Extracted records
========================================
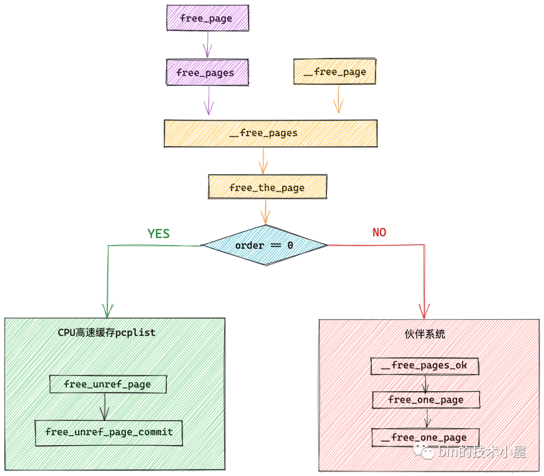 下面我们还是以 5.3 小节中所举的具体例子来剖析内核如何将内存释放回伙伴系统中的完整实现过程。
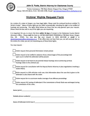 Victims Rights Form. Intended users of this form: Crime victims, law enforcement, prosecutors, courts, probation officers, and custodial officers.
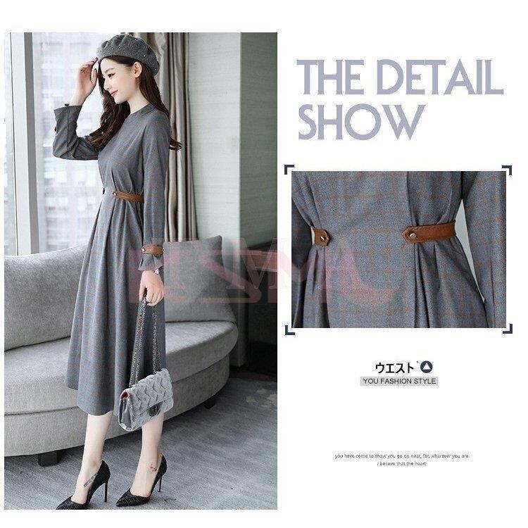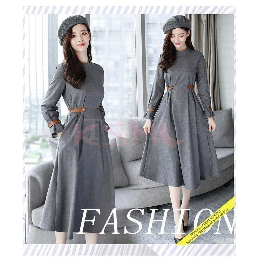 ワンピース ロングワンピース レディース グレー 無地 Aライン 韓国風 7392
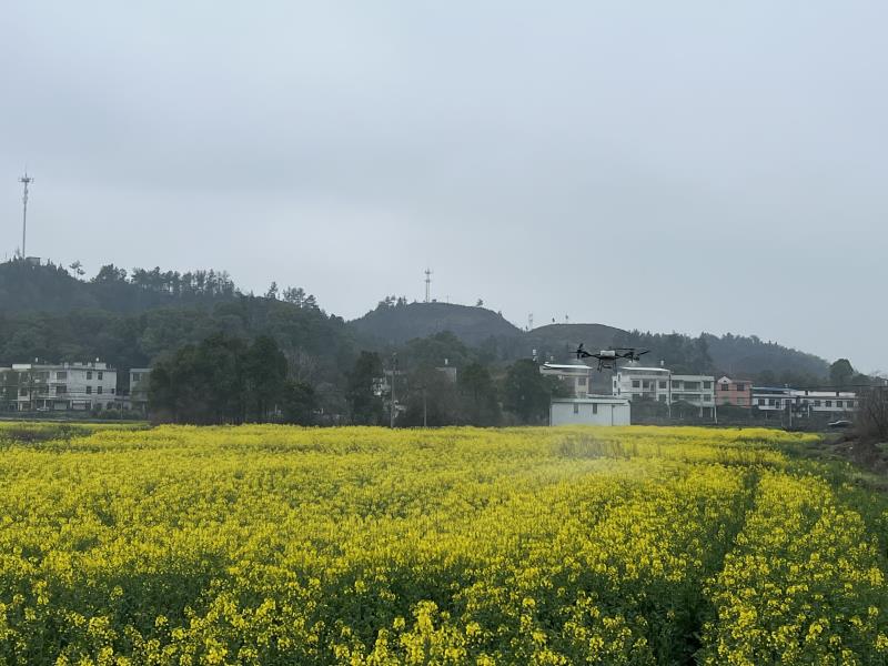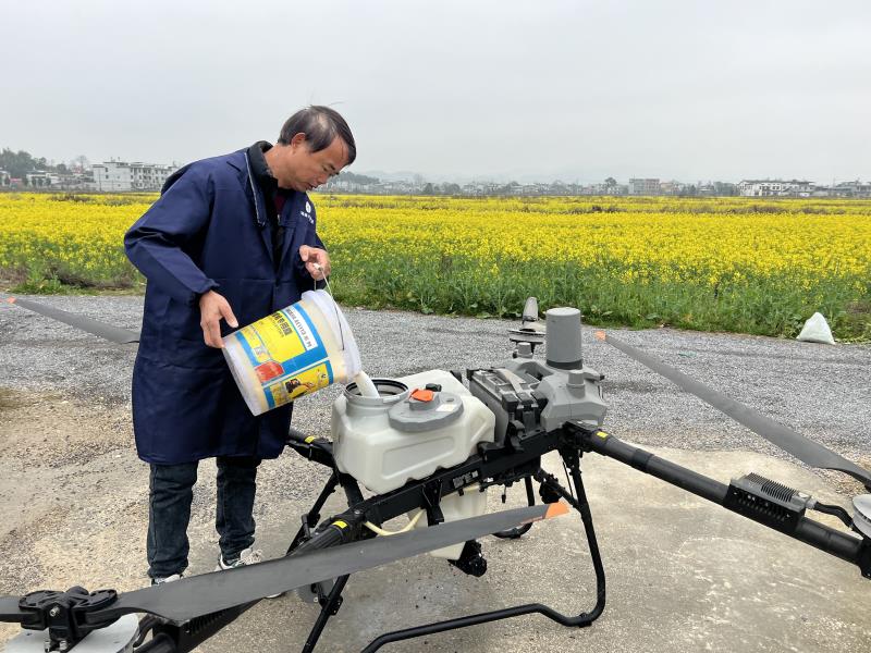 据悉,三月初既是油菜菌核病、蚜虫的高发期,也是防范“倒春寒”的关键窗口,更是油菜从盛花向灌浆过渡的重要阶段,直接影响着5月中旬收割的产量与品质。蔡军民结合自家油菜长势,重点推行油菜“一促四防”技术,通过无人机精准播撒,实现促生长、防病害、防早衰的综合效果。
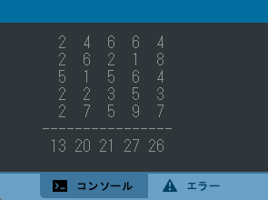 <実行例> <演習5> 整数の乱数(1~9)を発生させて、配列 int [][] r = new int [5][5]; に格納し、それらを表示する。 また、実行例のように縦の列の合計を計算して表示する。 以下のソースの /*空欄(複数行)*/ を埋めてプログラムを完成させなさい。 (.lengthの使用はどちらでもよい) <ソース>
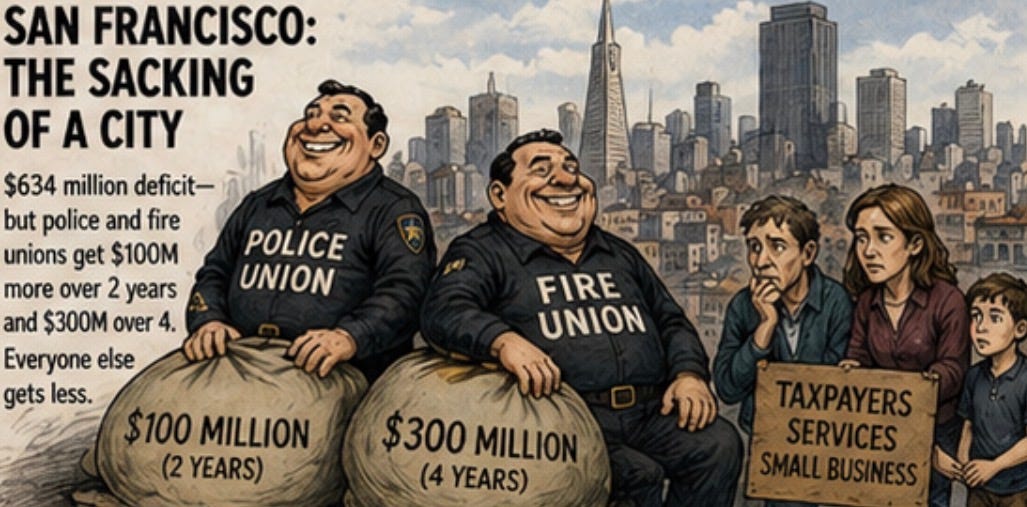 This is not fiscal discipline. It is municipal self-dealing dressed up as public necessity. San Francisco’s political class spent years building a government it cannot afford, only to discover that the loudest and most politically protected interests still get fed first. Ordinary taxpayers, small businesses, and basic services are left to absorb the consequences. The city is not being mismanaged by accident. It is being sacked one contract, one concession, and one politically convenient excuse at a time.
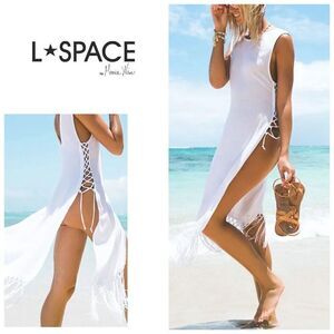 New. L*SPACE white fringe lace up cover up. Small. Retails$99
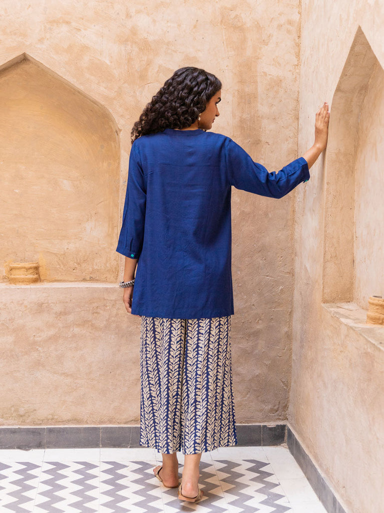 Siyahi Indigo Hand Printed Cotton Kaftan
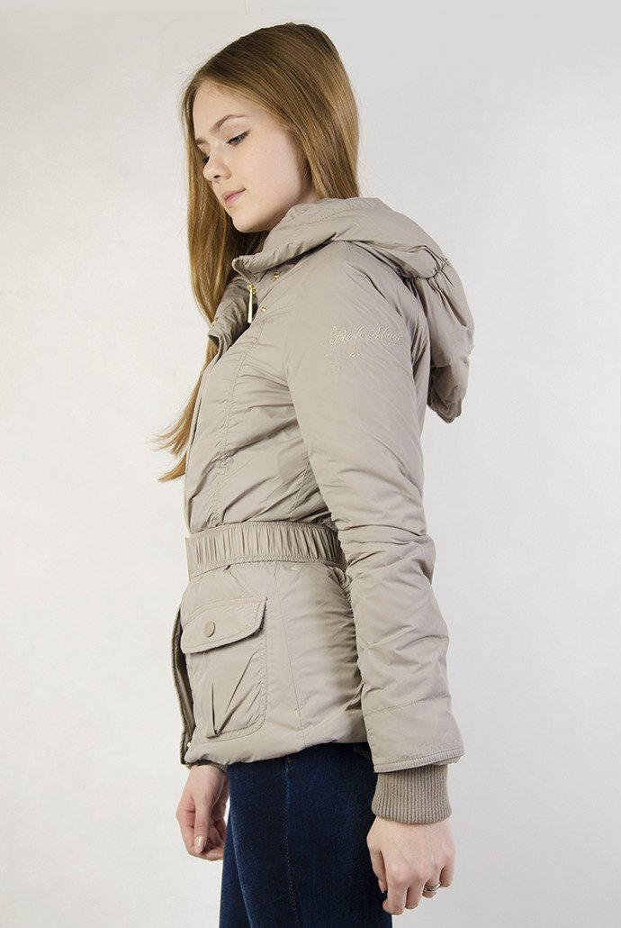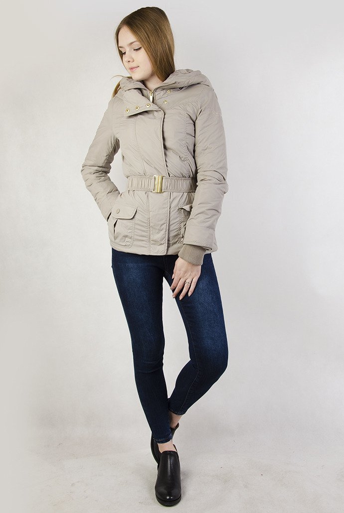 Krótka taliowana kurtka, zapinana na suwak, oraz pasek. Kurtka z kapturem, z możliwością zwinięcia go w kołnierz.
========================================
• _WHAT IS BEING ASKED_
Without any pictures, reproduce exactly the lines from the line that contains "This is not" to the end of the entries above, both ends included.

• _TASK RESPONSE_
 This is not fiscal discipline. It is municipal self-dealing dressed up as public necessity. San Francisco’s political class spent years building a government it cannot afford, only to discover that the loudest and most politically protected interests still get fed first. Ordinary taxpayers, small businesses, and basic services are left to absorb the consequences. The city is not being mismanaged by accident. It is being sacked one contract, one concession, and one politically convenient excuse at a time.
 New. L*SPACE white fringe lace up cover up. Small. Retails$99
 Siyahi Indigo Hand Printed Cotton Kaftan
 Krótka taliowana kurtka, zapinana na suwak, oraz pasek. Kurtka z kapturem, z możliwością zwinięcia go w kołnierz.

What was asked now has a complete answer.